- Chinar Daastaan-E-Ishq movie poster
- Directed by: Sharique Minhaj
- Written by: Farooq Renzu Shah
- Screenplay by: Mohsin Khan Sahar Quaze Sahar Quaze (dialogues)
- Based on: Kashmir Jheel Jalti Hai by Farooq Renzu Shah
- Produced by: Rajesh R Jain
- Cinematography: Jigar
- Edited by: Nitesh Rai
- Music by: Salim Sen Siddique Sen
- Production company: Shagun Films Private Limited
- Release date: 16 October 2015;
- Running time: 115 Minutes
- Country: India
- Language: Hindi

= Chinar: Daastaan-E-Ishq =

Chinar: Daastaan-E-Ishq is a 2015 Indian Hindi-language romantic drama film directed by Sharique Minhaj and produced by Rajesh R Jain.

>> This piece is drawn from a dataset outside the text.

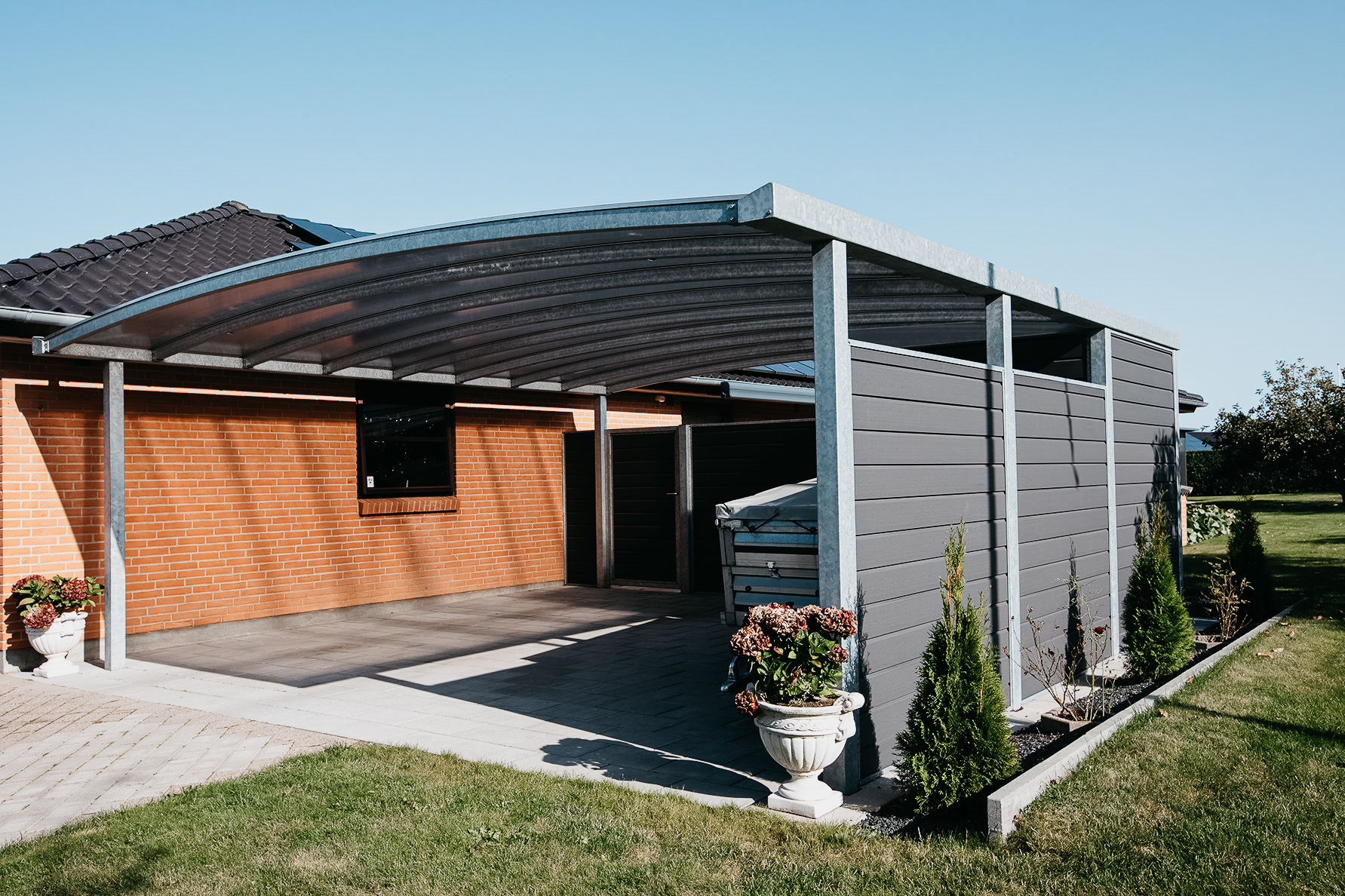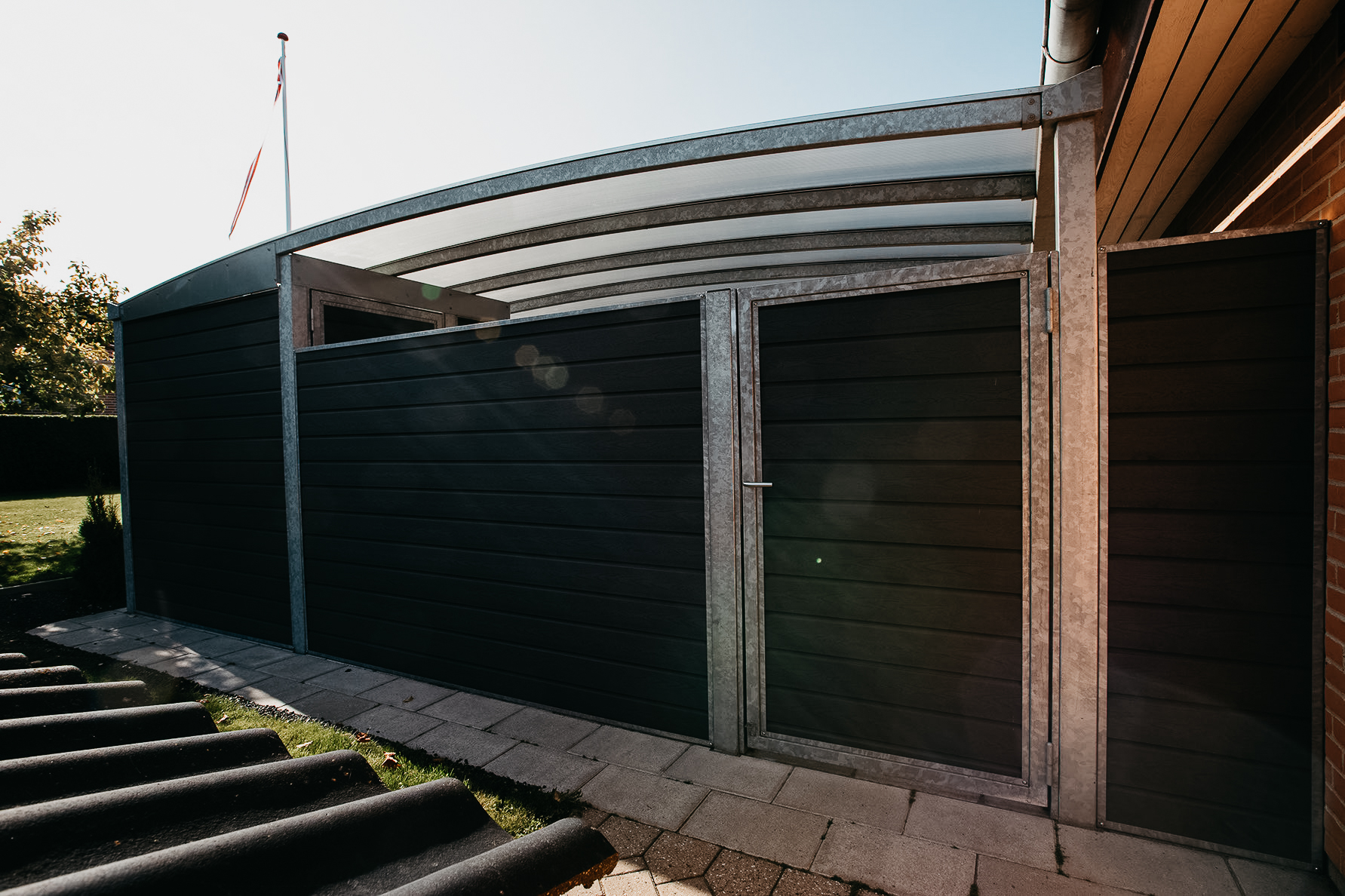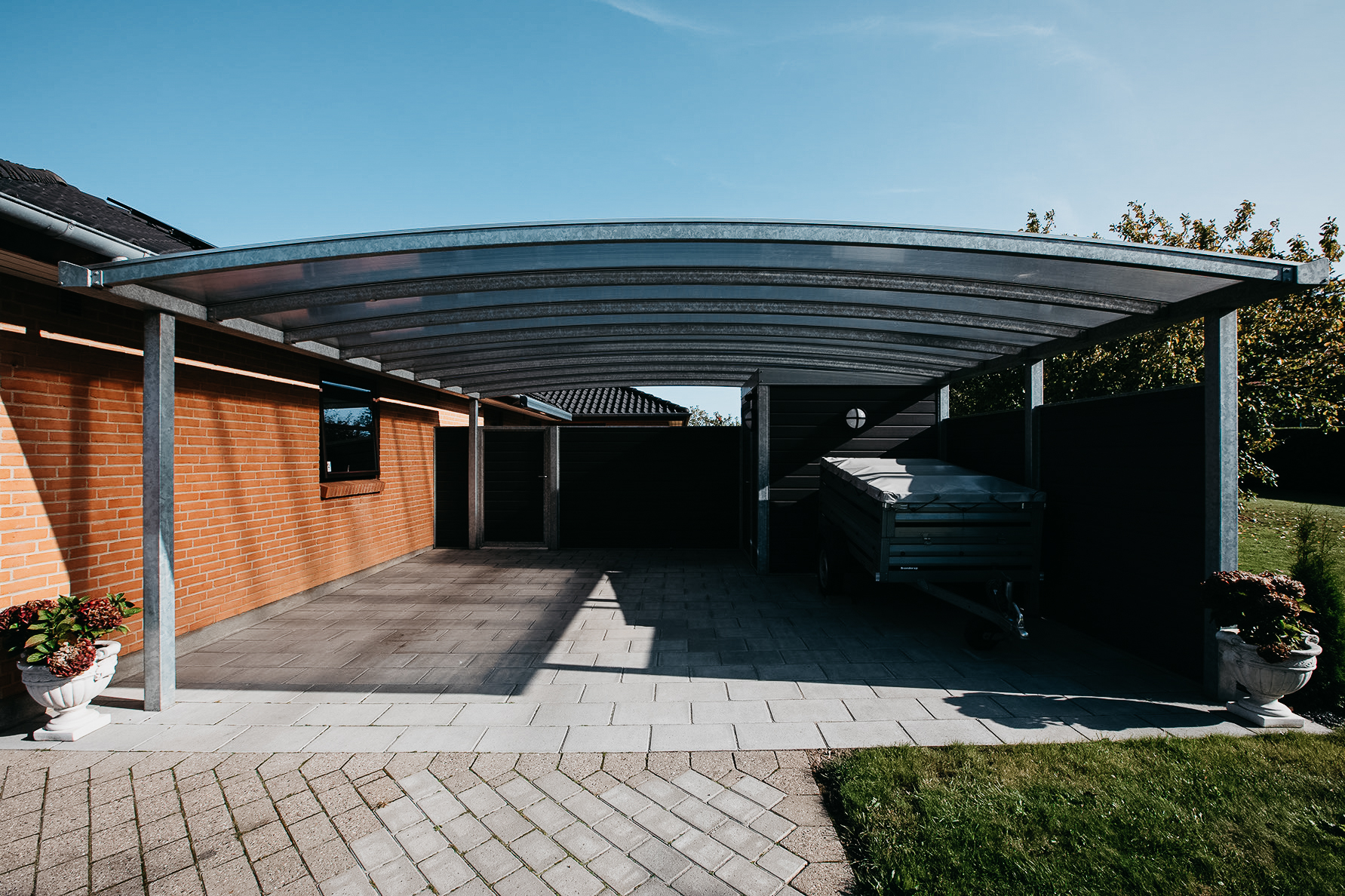 I Stoholm stod en familie over for den klassiske udfordring: hvordan får man maksimal opbevaringsplads til trailer, cykler og haveredskaber, uden at det går ud over carportens æstetik.

It is based on the Urdu novel Kashmir Jheel Jalti Hai by Srinagar-based writer Farooq Renzu Shah which is based on the Kashmir conflict.

==Cast==
- Faisal Khan as Jamaal
- Inayat Sharma as Surriya
- Dalip Tahil as Aziz Cinema Khan
- Pramod Moutho as Salaam
- Shahbaz Khan as Khwaja Sahab and others
- Parveen Kaur as Aziz Cinema Khan's wife

==Production==
This film was shot in Kashmir and Mumbai.

== Soundtrack ==
The soundtrack for the album was composed by Salim Sen and Siddique Sen and lyrics was written by Jamil Ahmed.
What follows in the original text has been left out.